You can use an 85mm in place of an 18-35mm? Cool!


----------



## AvTvM (Jan 5, 2016)

I don't know whether third party lens makers are really evaluating all options and then carefully chose a lens ID they expect to cause the least problems or whether they just assign "any working number" in their despair. 

Of course faked lens ID may and often will - have unwanted effects: not only wrong lens correction profiles (e.g. in DPP), in case of Sigma 50 also in Adobe ACR/LR/PS) but also re. AF behaviour on all or certain Canon EOS bodies/firmware versions - e.g. use of outer sensors, use of cross-sensors, or double precision f/2.8 sensors not used, even if the lens is faster than f/2.8 ... etc. 

I'd would also be vary of impacts on the effectiveness of Canon's ETTL II flash protocol and resulting images when original Canon speedlites are used, if lens distance information sent from lens to camera is expected to apply to an EF 85/1.2 L but in reality applies to a Sigma 18-35/1.8 lens etc. 

Again, I really am convinced it is not only unfair market practice by Canon but also truly dumb of them to try and lock out competitors by using cloded lens ID lists, causing competitor's prioducts to (possible) get inferior results. It makes the Canon ecosystem not as strong as it could be and it punishes Canon camera clients ... and tarnishes Canon's reputation as well: if images captured with a third party lens are not as well-focussed as they should be due to some lens ID mess-up, not every Canon user will blame it on the lens, but rather on the camera and Canon ...


----------



## neuroanatomist (Jan 5, 2016)

AvTvM said:


> neuroanatomist said:
> 
> 
> > Not a problem with the EOS system nor Canon's problem, per se. My OEM lenses are never misidentified.
> ...



So Canon is legally obligated to do extra work to facilitate the efforts of other vendors to make fully compatible products? Obligated to make their AF protocols, E-TTL protocols, etc., public or at least offer them for license? After providing lens codes for other manufacturers, Canon is obligated to test all competitors' lenses with each new camera to validate compatibility?

LOL. Good luck with your efforts to waste the time of your government officials. :


----------



## kphoto99 (Jan 5, 2016)

AvTvM said:


> A true and therefore preferred solution to the Canon lens ID problem would be forcing them via Anti-cartel legislation to at least open up that lens ID list to thirdparty lens manufacturers and assigning a block of 4-digit codes to them .. e.g. 9000 to 9999. That way every lens with Canon mount could get its own unique lens ID and be supported by Canon cameras to the extent thirdparty lens makers manage to correctly "guess" compatibility with Canon lens mount protocol and hardware requirements regarding AF system and drive, IS system, meteribg, flash distance information, etc.
> 
> Would make life easier for everybody, especially for Canon customers and create a bit more of a level playing field for anybody wanting to offer great lenses to work well with Canon cameras. Which in turn would enrich and strengthen Canon lens mount eco-system(s) ...

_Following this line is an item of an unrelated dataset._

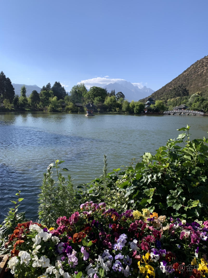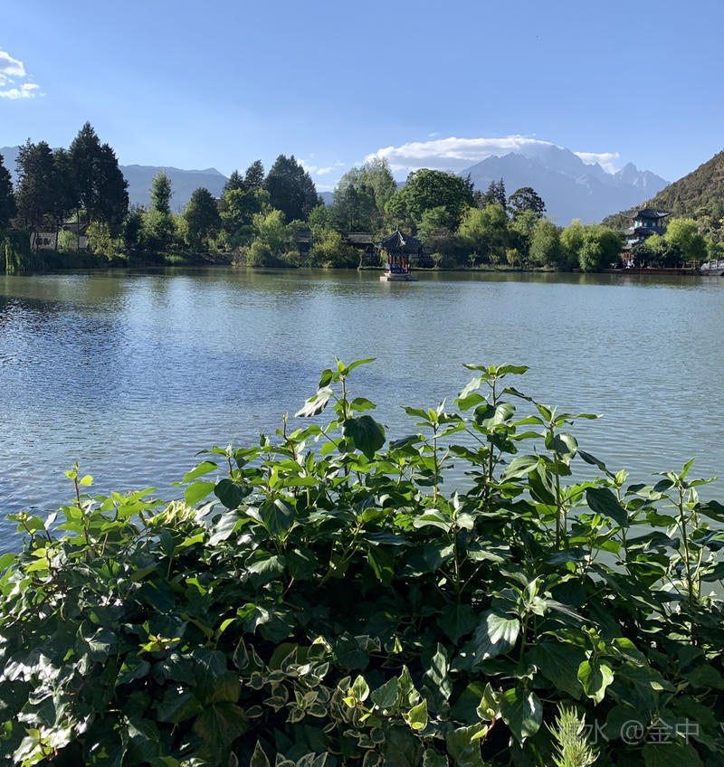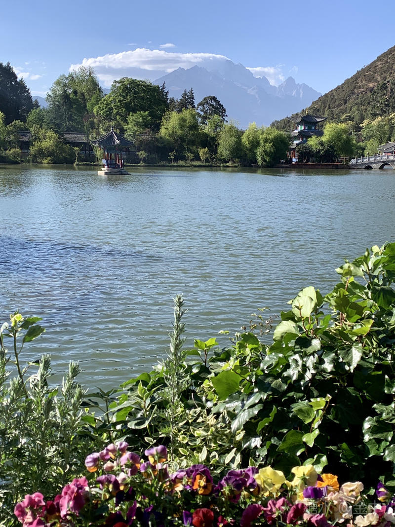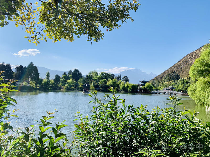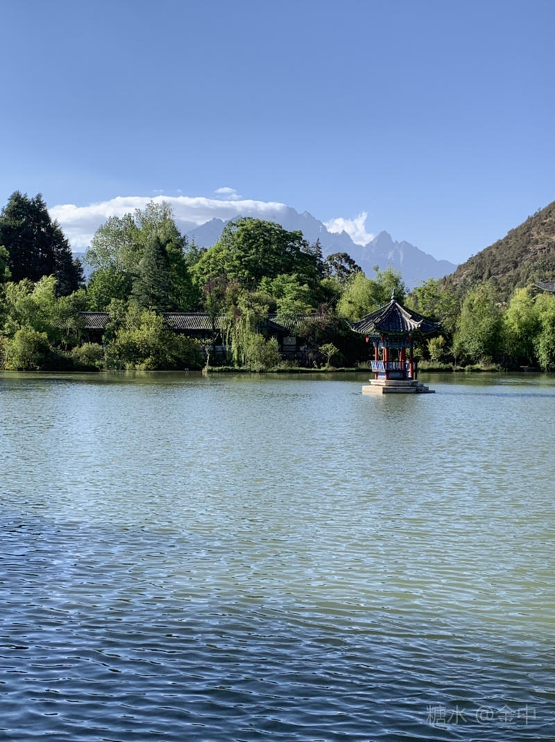 这里是黑龙潭公园最佳的观景和拍照点,远处玉龙雪山倒映在潭中,在这里可观雪山四万八千丈,银屏一角深插底的奇景。象山半壁也映入水中,黑龙潭山中有水,水中有山,山水相映,景色秀丽。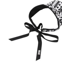 Women's ribbon-type sun cap utilizing seasonal patterns.

That would make Canon's life so much easier. If they see a lens id of 9xxx they can add a random amount to the AF distance without affecting any of Canon lenses


----------



## AvTvM (Jan 5, 2016)

neuroanatomist said:


> So Canon is legally obligated to do extra work to facilitate the efforts of other vendors to make fully compatible products? Obligated to make their AF protocols, E-TTL protocols, etc., public or at least offer them for license?



No they are not obliged to disclose or license anything. But locking it up the way they do goes [probably] too far. All I am asking them to do in this context is to provide a sufficiently large block of lens IDs so that third-party lens makers can assign a unique lens ID to each of their lenses in Canon mount and Canon cameras and more importantly Raw cobnverters and Photo Editing Software can easily and clearly distinguish the lens model used to capture a specific image on a Canon camera. 

Or any other measure that achieves the generic goal of UNIQUE LENS IDs for each and any lens that can be mounted natively on a Canon EOS camera, whether it is made by Canon or any other company. Of course third-party lens makers would then still have to make sure, they organize that block of lens IDs amongst themselves and avoid assigning different lens models to the same string value. 

The request is reasonable, simple to comply with and fair. It does not not entail Canon having to share or release ANY proprietary information, intellectual property or "company secrets". It would be a win-win-win for Canon, Canon clients and the entire imaging industry except for competing camera makers with their own proprietary lens mounts.


----------



## Antono Refa (Jan 5, 2016)

kphoto99 said:


> AvTvM said:
> 
> 
> > A true and therefore preferred solution to the Canon lens ID problem would be forcing them via Anti-cartel legislation to at least open up that lens ID list to thirdparty lens manufacturers and assigning a block of 4-digit codes to them .. e.g. 9000 to 9999. That way every lens with Canon mount could get its own unique lens ID and be supported by Canon cameras to the extent thirdparty lens makers manage to correctly "guess" compatibility with Canon lens mount protocol and hardware requirements regarding AF system and drive, IS system, meteribg, flash distance information, etc.
> ...



1. Canon could have done so by now, why would it do so if a block of IDs was allocated to 3rd party lens manufacturers?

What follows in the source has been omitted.